Hunting has always been an important aspect of the Greenland Inuit culture:

 "The Inuit culture is the most pure hunting culture in existence. Having adapted to the extreme living conditions in the High Arctic of the North American continent for at least four thousand years, Inuit are not even hunter-gatherers. Inuit are hunters, pure and simple." (Henriette Rasmussen, Minister in Greenland Home Rule Government)

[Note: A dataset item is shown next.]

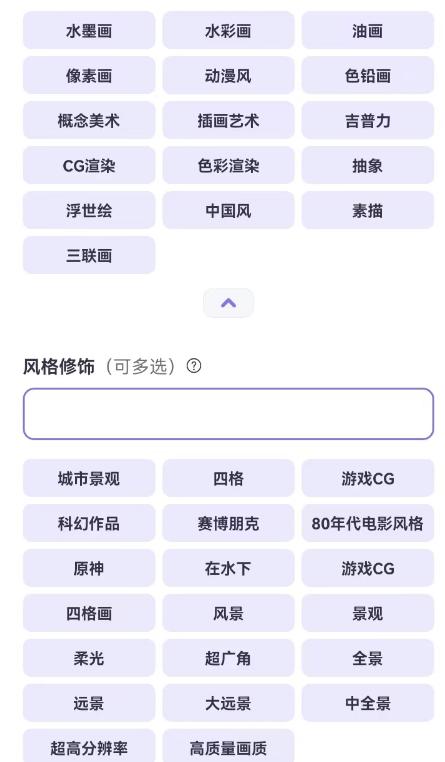 AI绘画平台也在操作界面提供了很多专业提示——【风格模型+高级设置】,对于刚接触 AI 艺术创作的用户可以先从平台指引的开始(请大胆组合它们,注意:平台仅仅是罗列了一些主流用词和风格,用户完全可以根据自己的认知大胆在文本描述框中写下自己喜欢的图画内容和各种细节修饰词),然后逐步自我拓宽自己的艺术认知和修养。

Even today hunting is important as stated by the Greenland Home Rule Government:

 "Hunting is the heart and soul of Greenlandic culture.... Hunting is also very important from a cultural perspective. In a society such as Greenland, which for centuries was based on subsistence hunting (until about 50 years ago), hunting is still of great cultural importance. Irrespective of the fact that most live like wage-earners in a modern industrial society, many Greenlanders' identity is still deeply rooted in the hunting."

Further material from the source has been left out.